Kawano Hiroyuki, Sakurai Ayumi, Takizawa Yuuki, Toyota Risa, Miwa Reona, Onuki Hayate, Kawatake Ayane, Yamamichi Atsushi, Saito Mikito, Nakanishi Kaoru, Tsuji Eisaku, Tomari Shinya, Honda Yuko, Unno Yoshiko, Uchida Mayumi, Hirano Teruyuki
Department of Stroke and Cerebrovascular Medicine, Kyorin University, 6-20-2, Shinkawa, Tokyo, 181-8611, Mitaka, Japan.
Stroke Center, Kyorin University Hospital, 6-20-2, Shinkawa, Mitaka, Tokyo, 181-8611, Japan.
J Thromb Thrombolysis. 2025 May 27. doi: 10.1007/s11239-025-03117-y.
Cancer is common in patients with ischemic stroke. The aim was to reveal the differences in acute management and outcomes of patients with in-hospital acute ischemic stroke (IHS) with and without active cancer.
Two hundred IHS patients (58% male, median age 78 years, median NIHSS score 9) from August 2016 to July 2023 at our institution were divided into two groups: 70 with active cancer (IHS-AC 35%) and 130 without AC (IHS-nonAC 65%). Patients' characteristics, time intervals, and clinical outcomes were compared between the groups. A good clinical outcome was defined as modified Rankin Scale score 0-3.

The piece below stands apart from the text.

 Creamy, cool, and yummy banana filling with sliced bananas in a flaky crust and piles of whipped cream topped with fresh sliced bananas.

IHS was identified most frequently by a nurse (IHS-AC group 67%, IHS-nonAC group 71%). Time from recognition to stroke physician assessment (37 vs. 90 min, p = 0.008) was shorter in the IHS-AC group. Good clinical outcomes at discharge (31% in each group, p = 1.000) and in-hospital mortality (IHS-AC group 29%, IHS-nonAC group 21%, p = 0.225) were similar in the groups. The rates of reperfusion therapy (intravenous rt-PA and/or mechanical thrombectomy) were 16% in the IHS-AC group and 15% in the IHS-nonAC group (p = 1.000). The rates of good clinical outcomes and mortality at discharge in patients with reperfusion therapy were each 36%.
One-third of IHS patients had comorbid active cancer. The rates of reperfusion therapy and good clinical outcomes were similar in groups with and without active cancer. Acute stroke management should not be withheld solely based on cancer.

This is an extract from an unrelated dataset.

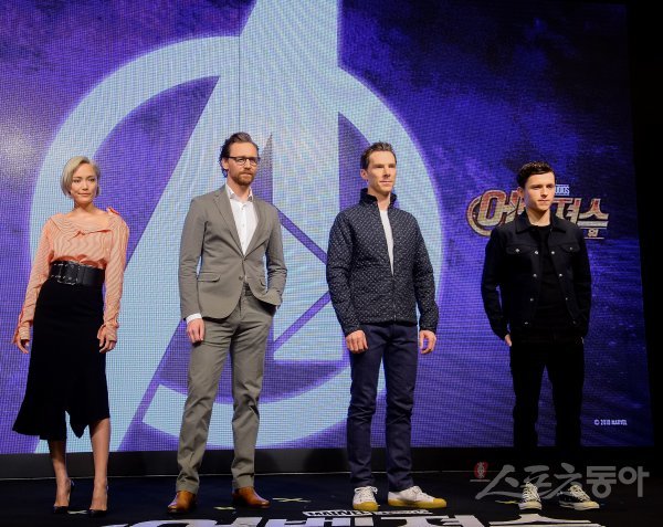 배우 폼 클레멘티에프, 톰 히들스턴, 베네딕트 컴버배치, 톰 홀랜드(왼쪽부터)가 12일 서울 종로구 포시즌스호텔에서 열린 영화 ‘어벤져스 : 인피니티 워(Avengers: Infinity War)’ 내한 기자회견에서 포즈를 취하고 있다.

癌症在缺血性中风患者中很常见。目的是揭示合并活动性癌症和未合并活动性癌症的住院急性缺血性中风(IHS)患者在急性治疗和预后方面的差异。
2016年8月至2023年7月在我院的200例IHS患者(男性占58%,中位年龄78岁,中位美国国立卫生研究院卒中量表[NIHSS]评分9分)被分为两组:70例合并活动性癌症(IHS-AC组,占35%)和130例未合并活动性癌症(IHS-nonAC组,占65%)。比较两组患者的特征、时间间隔和临床结局。良好的临床结局定义为改良Rankin量表评分为0 - 3分。
IHS最常由护士识别(IHS-AC组为67%,IHS-nonAC组为71%)。IHS-AC组从识别到中风医生评估的时间较短(37分钟对90分钟,p = 0.008)。两组出院时良好的临床结局(每组均为31%,p = 1.000)和住院死亡率(IHS-AC组为29%,IHS-nonAC组为21%,p = 0.225)相似。再灌注治疗(静脉注射rt-PA和/或机械取栓)率在IHS-AC组为16%,在IHS-nonAC组为15%(p = 1.000)。接受再灌注治疗的患者出院时良好的临床结局率和死亡率均为36%。
三分之一的IHS患者合并活动性癌症。合并和未合并活动性癌症的两组患者的再灌注治疗率和良好的临床结局相似。急性中风治疗不应仅因癌症而被延迟。